Key Experimental Results¶
Main Results — Semantic Segmentation (mIoU %)¶
| Method | pv-s | nz-c | neon | cashew | sa-c | ches |
|---|---|---|---|---|---|---|
| Satlas (supervised pretraining) | 92.3 | 83.1 | 52.0 | 49.1 | 31.6 | 52.2 |
| CROMA (contrastive learning) | 92.5 | 83.4 | 56.3 | 62.2 | 32.3 | 63.6 |
| DOFA (MIM) | 94.8 | 82.8 | 58.1 | 53.9 | 26.6 | 65.7 |
| SatDiFuser-MoE | 95.3 | 83.7 | 63.4 | 66.1 | 31.9 | 71.6 |
| Gain | +0.5 | −0.4 | +5.7 | +4.3 | +0.3 | +5.9 |
Ablation Study — Feature Fusion Strategy Comparison¶
| Configuration | s2s (cls.) | es (cls.) | cashew (seg.) | pv-s (seg.) |
|---|---|---|---|---|
| Single timestep \(t=1\), SA | 53.6 | 94.3 | 55.3 | 92.5 |
| Single timestep \(t=100\), R | 50.5 | 92.4 | 57.9 | 92.6 |
| Simple concatenation | 55.4 | 94.5 | 59.1 | 92.9 |
| Global Weighted Fusion | 59.3 | 97.7 | 66.5 | 95.1 |
| Localized Weighted Fusion | 58.9 | 96.8 | 64.8 | 95.0 |
| MoE Joint Fusion | 58.8 | 97.3 | 66.1 | 95.3 |
Key Findings¶
- SatDiFuser using only RGB channels surpasses GFMs that leverage full multispectral inputs, demonstrating the exceptional representational capacity of diffusion features.
- On m-forestnet and m-so2sat classification tasks, the method even outperforms fully supervised baselines, which is particularly noteworthy.
- Simple concatenation of multi-timestep features yields limited gains; learnable fusion strategies are essential.
- Each fusion strategy offers distinct advantages: Global Weighted Fusion is the most stable; Localized Weighted Fusion is better suited to detail-rich tasks; MoE Joint Fusion achieves the best results in complex scenarios.
- Cross-attention features are nearly uninformative, as they encode interactions with a generic text prompt rather than visual semantics.
Highlights & Insights¶
- The paper raises an important question and provides an affirmative answer: generative diffusion models can indeed serve as GFMs and outperform existing discriminative approaches.
- The three fusion strategies form a coherent framework spanning simple-to-complex and global-to-local designs, providing a practical toolkit for utilizing diffusion features.

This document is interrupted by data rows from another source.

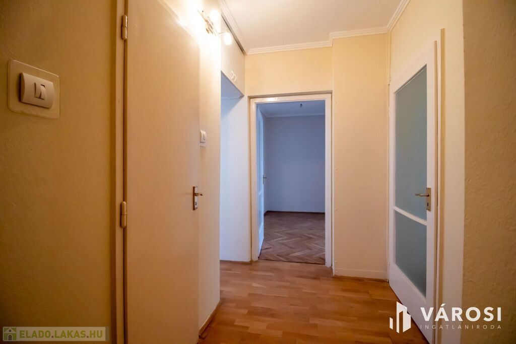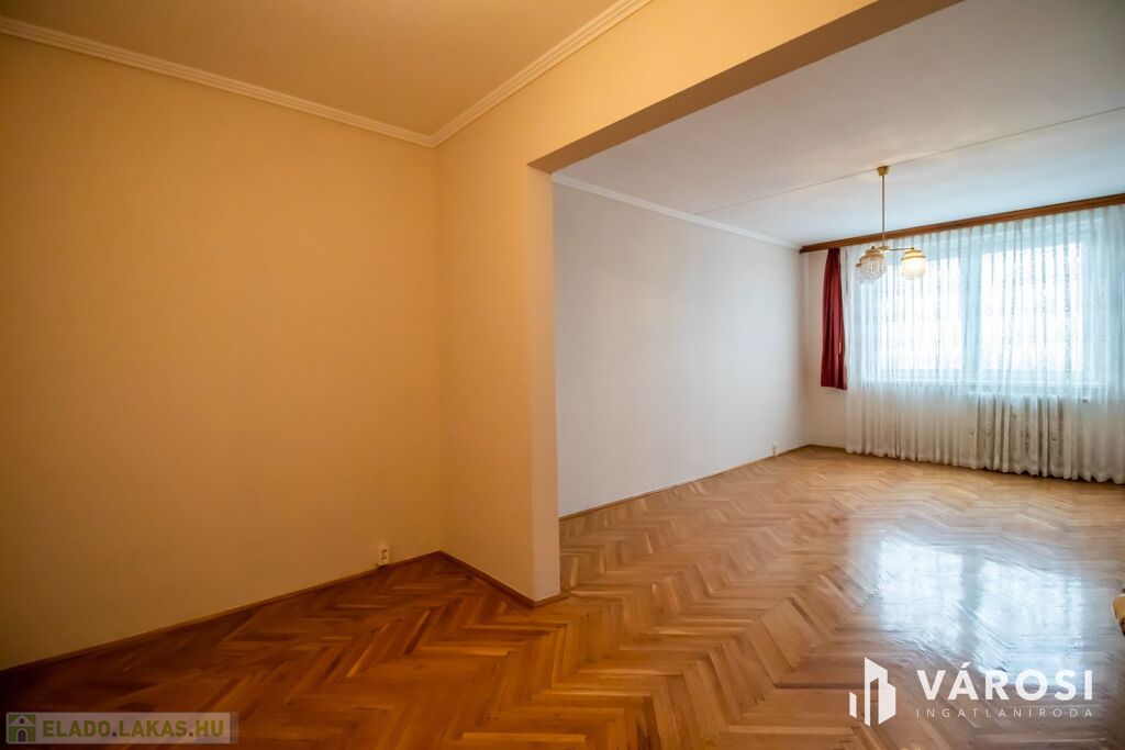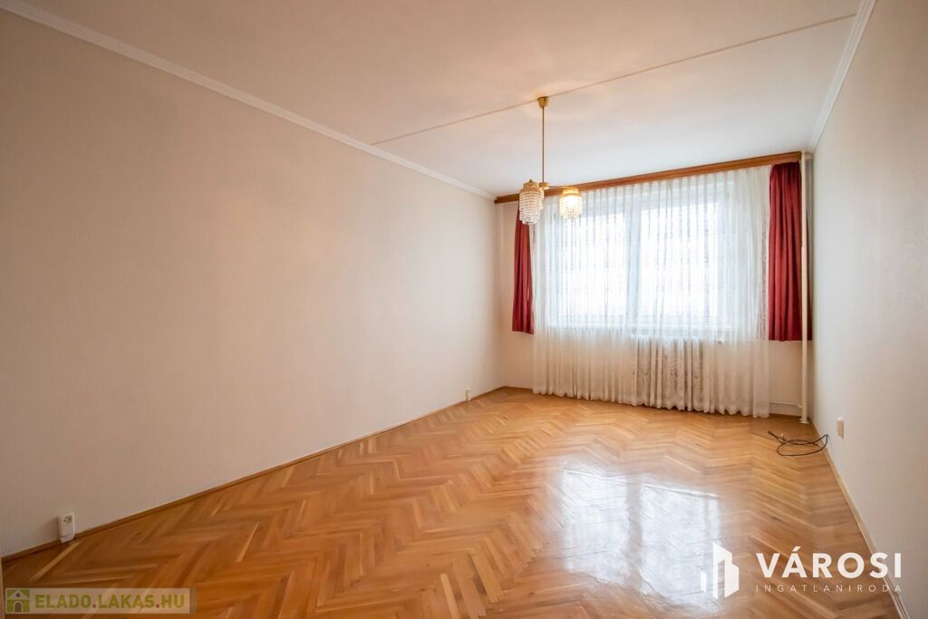 Ez az 7. emeleti, liftes házban levő, nappali + 2 szobás panellakás, a történelmi belvárostól 200 méterre helyezkedik el. A nappali és a beépített erkély a kisszobával délután közepéig fürdik a napfényben. A harmadik szoba és a konyha pedig egy csendes parkolóra néz. A három szoba mindenkinek biztosítja a külön birodalom lehetőségét.
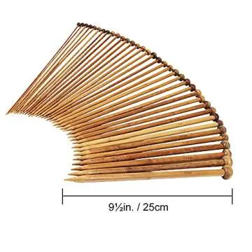Exquiss Bamboo Knitting Needles Set-36pcs Single Pointed Wooden Knitting Needles, 9 Inches Length Knitting Supplies for Beginners (18 Sizes: 2.0 mm-10.0 mm) + Weaving Tools Knitting Kits
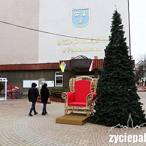 Dziś (17 grudnia) do ramki dołączył fotel św. Mikołaja. Świąteczny mebel ma 2 metry szerokości, 2,60 wysokości i 2020 ledowych lampek z efektem błysku w co piątej diodzie, pokryty jest tkaniną przystosowaną do pogody. Miasto zapłaciło za niego 17 tys. złotych.

- The finding that RGB-only inputs surpass multispectral methods suggests that the semantic representations learned by diffusion models are of exceptionally high quality, compensating for the absence of spectral information.
Limitations & Future Work¶
- Validation is currently limited to a single diffusion model (DiffusionSat); generalizability across additional diffusion architectures remains to be confirmed.
- The computational cost of DDIM inversion combined with multi-timestep feature extraction is substantial, potentially limiting practical deployment.
- The text prompt is fixed as "A satellite image," leaving the classification-guidance potential of text conditioning largely unexplored.
- Both the segmentation decoder (UPerNet) and classification head (linear) are relatively simple designs; stronger decoders may yield further performance gains.
Related Work & Insights¶
- Diffusion Hyperfeatures first proposed aggregating multi-timestep diffusion features for keypoint correspondence; this paper extends that idea to multi-task remote sensing settings.
- Unsupervised segmentation works leveraging diffusion attention maps, such as DiffSeg and DiffCut, have validated the discriminative potential of diffusion features.
- The systematic experiments in this paper—covering combinations of timesteps, module types, and fusion strategies—provide valuable empirical guidance for the practical use of diffusion features.
Rating¶
- Novelty: ⭐⭐⭐⭐ First systematic application of a large-scale remote sensing diffusion model to discriminative tasks.
- Experimental Thoroughness: ⭐⭐⭐⭐⭐ 12 datasets (6 segmentation + 6 classification), 8 GFM baselines, and comprehensive ablations.
- Writing Quality: ⭐⭐⭐⭐ Clear structure; self-attention visualizations are particularly compelling.
- Value: ⭐⭐⭐⭐ Introduces a novel pretraining paradigm for remote sensing foundation models.